When Missouri and Kansas agreed to a border war truce in 2019, the agreement was widely celebrated as the end of an expensive and counterproductive competition.
After spending hundreds of millions of taxpayer dollars moving jobs back and forth across State Line Road, both states agreed to stop subsidizing the relocation of existing employers within the Kansas City region.
The agreement, which consisted of legislation on the Missouri side (which sunset last year) and an executive order from the Kansas side, was a good idea. But I argued at the time that Kansas Governor Laura Kelly’s executive order contained a glaring weakness. Specifically, I questioned how Kansas would define “net new jobs” and whether companies could continue receiving incentives by combining a relocation with a modest expansion.
Seven years later, Governor Kelly has provided the answer.

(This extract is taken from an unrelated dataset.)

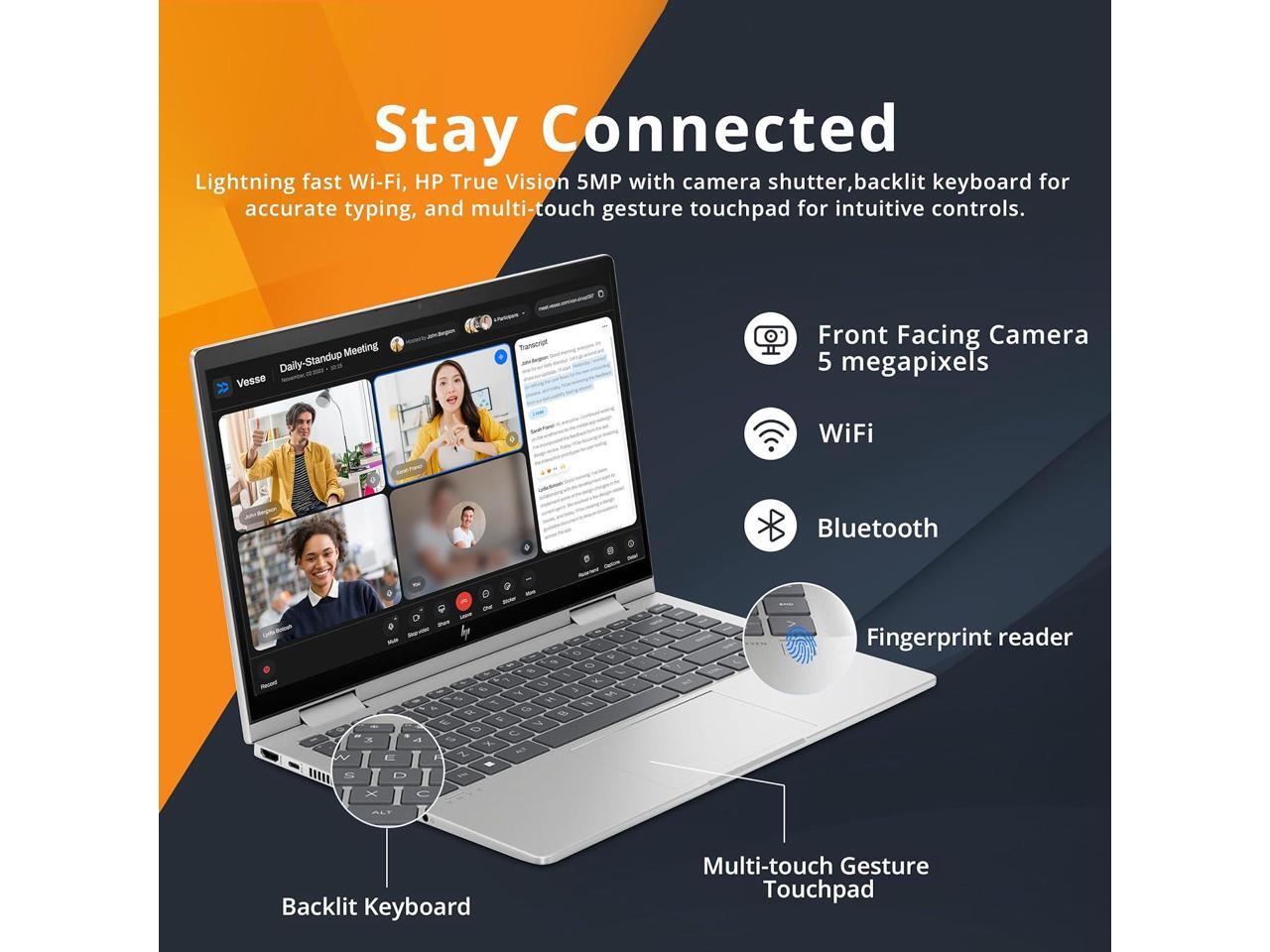 - Backlit KeyboardEnjoy comfortable and accurate typing, even in dim light.HP True Vision 5MP with camera shutterVideo chat with your entire team in stunning details thanks to the 88-degree wide-angle field of view. Infrared sensor assists safe log-in through face recognition.

Defending Kansas’s $125 million incentive package for Lockton’s new headquarters in Leawood, Kelly argued the deal does not violate the border war truce because “We will not incentivize the move of current jobs. If a company is going to move and expand, we’ll talk.”
That is almost precisely the scenario I described in 2019: “Could a growing Missouri firm already planning to make a few new hires take that plan to Kansas and seek incentives—using those ‘net new jobs’ as leverage?”

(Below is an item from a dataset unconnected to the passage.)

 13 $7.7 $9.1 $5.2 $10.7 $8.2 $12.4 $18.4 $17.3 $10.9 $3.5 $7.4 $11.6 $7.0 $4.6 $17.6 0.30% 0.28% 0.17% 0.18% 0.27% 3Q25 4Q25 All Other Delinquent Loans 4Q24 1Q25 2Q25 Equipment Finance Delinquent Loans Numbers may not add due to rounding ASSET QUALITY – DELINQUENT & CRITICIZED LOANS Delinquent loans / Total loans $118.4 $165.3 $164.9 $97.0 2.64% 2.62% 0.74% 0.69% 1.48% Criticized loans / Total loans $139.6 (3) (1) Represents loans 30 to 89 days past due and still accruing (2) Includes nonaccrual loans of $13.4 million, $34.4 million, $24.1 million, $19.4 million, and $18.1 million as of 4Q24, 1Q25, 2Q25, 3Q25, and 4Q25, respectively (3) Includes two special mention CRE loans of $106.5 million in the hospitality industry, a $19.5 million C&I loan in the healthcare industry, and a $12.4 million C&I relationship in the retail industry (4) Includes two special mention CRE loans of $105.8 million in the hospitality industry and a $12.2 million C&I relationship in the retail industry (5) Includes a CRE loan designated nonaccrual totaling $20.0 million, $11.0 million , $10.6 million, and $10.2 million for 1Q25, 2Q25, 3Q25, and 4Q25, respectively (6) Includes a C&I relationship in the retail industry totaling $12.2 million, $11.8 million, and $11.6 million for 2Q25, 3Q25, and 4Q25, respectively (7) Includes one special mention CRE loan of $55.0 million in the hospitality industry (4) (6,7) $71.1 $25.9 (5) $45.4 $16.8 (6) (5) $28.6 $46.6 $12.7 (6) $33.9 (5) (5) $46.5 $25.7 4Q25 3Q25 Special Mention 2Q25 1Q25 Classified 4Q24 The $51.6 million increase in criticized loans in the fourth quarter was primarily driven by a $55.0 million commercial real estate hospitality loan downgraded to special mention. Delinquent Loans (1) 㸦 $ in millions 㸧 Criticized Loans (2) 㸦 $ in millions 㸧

The company is expected to move roughly 1,500 existing jobs from Missouri to Kansas while adding approximately 500 new positions. Under Governor Kelly’s interpretation, those additional jobs are enough to distinguish the project from the type of incentive-fueled relocation the truce was intended to prevent.
But the transaction looks familiar. Thousands of jobs move across the state line. Taxpayers provide substantial subsidies. Public officials attend a groundbreaking and celebrate job creation.
The fundamental question is whether those additional jobs would have been created anyway. It is a difficult question to answer from the outside, yet the system incentivizes businesses to claim the growth is due to the incentive.
A real economic border war truce is worth crafting. But unfortunately, the 2019 truce isn’t that.